Así como nos esforzamos por no hablar del comportamiento o los problemas de la vida de los demás con negatividad, juzgando, criticando o señalando sus debilidades, practiquemos ahora lo mismo con las personas de las que leemos y escuchamos en las redes sociales. Protejámonos de todo tipo de chismes, insultos y juicios. Decides no participar en chismes de ningún tipo: mentiras, medias verdades, secretos, rumores y juicios. Pero tu muro de noticias en redes sociales está lleno de historias sobre personas cercanas, personas que apenas conoces y completos desconocidos.
¿Cómo puedes mantenerte al margen y, a la vez, conservar fuertes lazos sociales?
Cada vez más personas difunden rumores o expresan críticas a través de las redes sociales. Pero tenemos la responsabilidad de no participar ni difundirlos. Es su opinión; no somos parte de su historia, su problema ni su solución.
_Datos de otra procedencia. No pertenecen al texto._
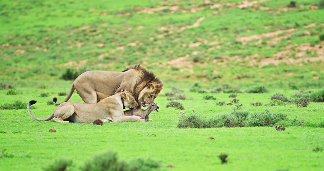 VIDEO FUERTE: Una pareja de leones juega con la cría de un antílope antes de acabar con su vida

Por lo tanto, no hay necesidad de formar parte de esos chismes.
Ya sea que la imagen de alguien se vea dañada, que alguien se divorcie o que alguien sea despedido de su trabajo, es un asunto privado y no una invitación para que nadie más lo comente. Tengamos el valor de retirarnos o expresar nuestro desinterés con cortesía pero con firmeza. Incluso podemos cambiar el rumbo de la conversación.
Y si alguna vez necesitamos hablar de alguien, hagamos un cumplido. De lo contrario, nuestra aura se manchará, y con ella, nuestra integridad. Recuérdatelo cada día:
Soy un ser puro. Uso las redes sociales con responsabilidad y me abstengo de chismorrear. Elijo y consumo información con sabiduría.
Reflexiona y obsérvate usando las redes sociales con la energía adecuada. Recuerda que eres un ser sabio. Comprende qué es lo mejor para ti. Lee, mira y escucha información con atención. Absorbe solo aquello que sea saludable para tu bienestar emocional. Mantén la calma al leer y ver información sobre los demás.
Haz una pausa y pregúntate: ¿Es la verdad o es la percepción de alguien? ¿Hay algo que pueda hacer al respecto?
Si es así, comparte tu perspectiva, una perspectiva positiva, y ofrece una retroalimentación constructiva. Asegúrate de que tu intención sea mejorar, empoderar y generar un cambio con respeto. Contribuye a una transformación positiva con tus pensamientos y palabras puras.
Si no puedes hacer nada, guarda silencio.
Tu mente en silencio te protegerá a ti y a los demás, y además preservará la energía espiritual del entorno.